I believe i'm ~90% there just having trouble getting the dashboard
Do I need to do anything to get the dashboard setup? i.e. copy the URL (which URL?) to the search bar in the Dask extension?
Ok. Found using the scheduler external IP
Just hoping to pin in next to my notebook using the Dask extension
Hi! The Enterprise Data Science Architecture Conference focuses on how to properly productionise data science solutions at scale. Dask is a tool that I have personally used to get the job done. Most Dask users would be interested in seeing how large companies productionise machine learning solutions. 27th March 2020 is a great time to visit Melbourne, Australia for a unique and high quality conference. I invite you view our speakers list at https://edsaconf.io and reserve your place because we have a unique mix of speakers.

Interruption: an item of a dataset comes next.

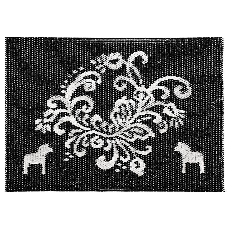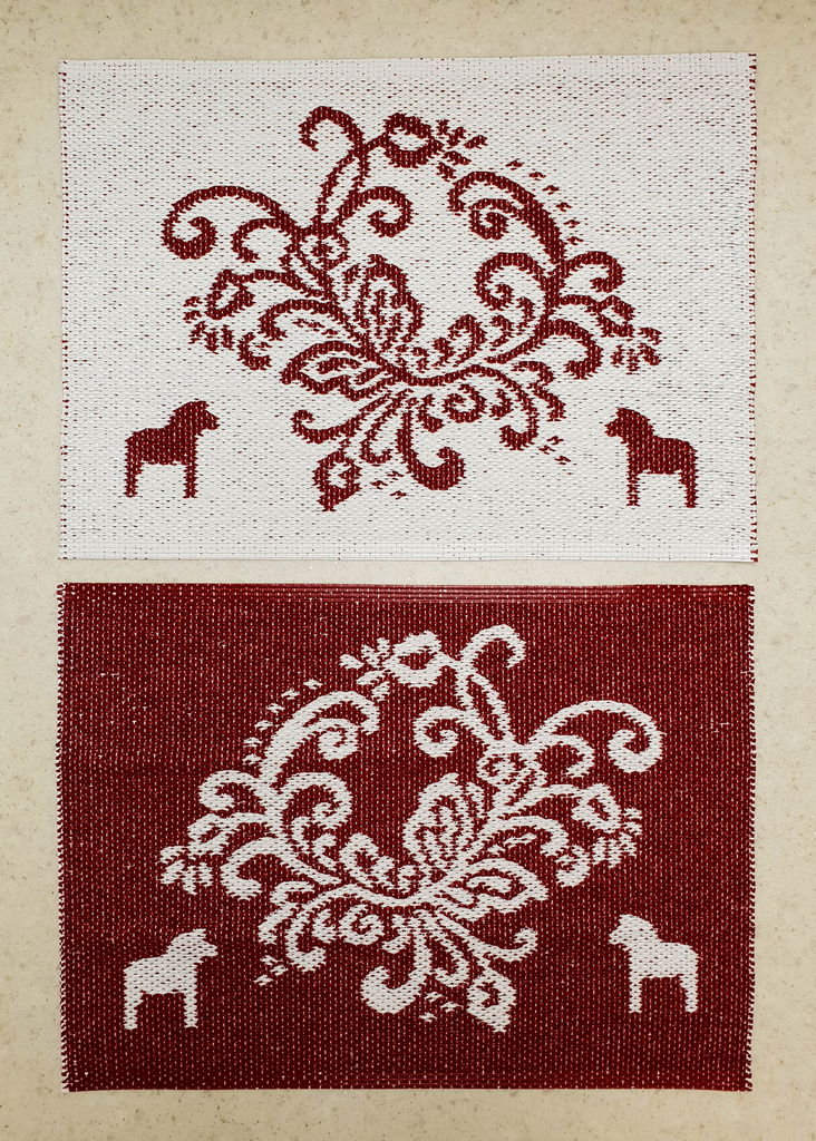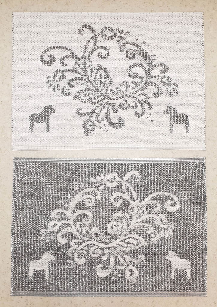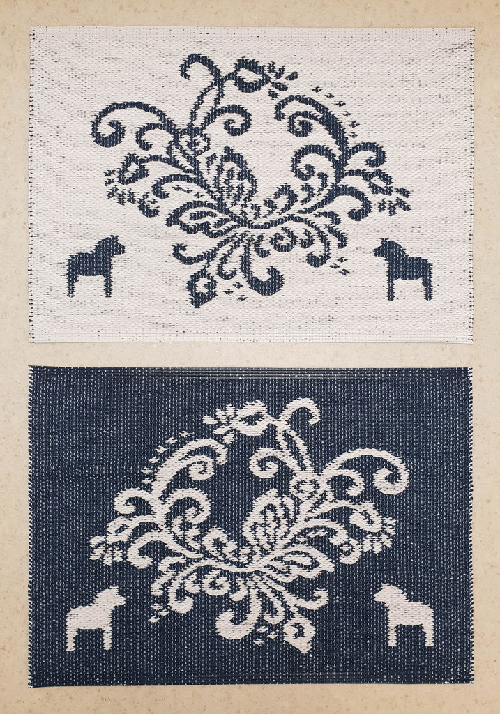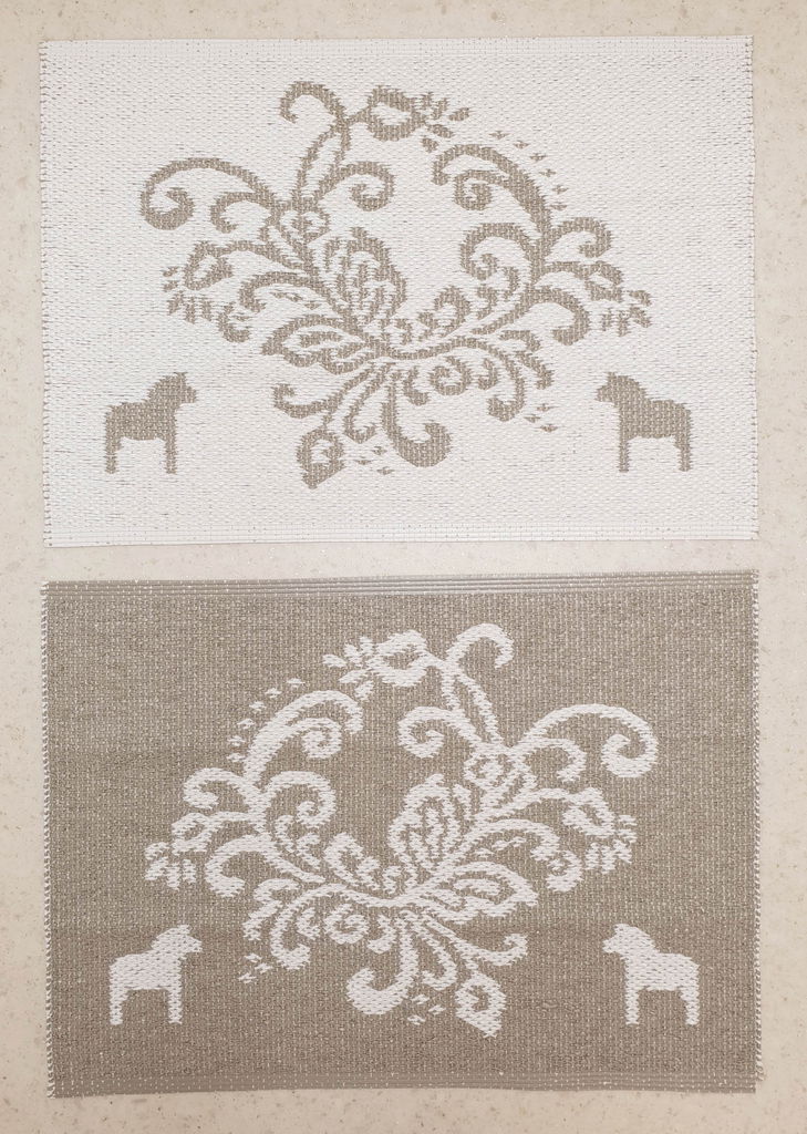 Kurbits dörrmatta i tålig vinyl med klassiskt mönster och motiv av dalahästar, svensktillverkad och från svenska Arvidssons Textil. Mattan är vändbar med motsatta färger på den ena sidan - det är som att få två olika mattor i en! Den har ett underbart mönster med kurbits och dalahästar på och är tillverkad i Sverige av Horredsmattan. Dörrmattan är perfekt hemma, på lantstället eller varför inte ge bort den som present!

hi gus, i'm new to dask, i want to konw if there is some tutorials about deploying dask jobs on k8s in native way? i tried with official docs, but i can not even run the demo successfully
i've containerized a demo python job , and deploy a pod on my k8s cluster, it always retiring the other workers.
i've also created rbac for the pod
Hello - I'm struggling to resolve the issue I posted here: dask/dask#5634. Any chance that there's anyone here open to a short consulting gig to help me debug it?
if you write code that doesn't need to shuffle/sync across dask nodes and is "embarrasingly parallellisable", you'll go into the realm of 95% maybe
if you write code that sequentially goes over your data row per row you'll be at 0%
that said, the scheduler can be a bottleneck for really big task graphs
but I'm not sure if that's always the case, we haven't scaled to the size where it made sense to look into that
do you think dask will scale for a more effective scheduler, maybe sometime in the future? or is it more "nice-to-have"? :)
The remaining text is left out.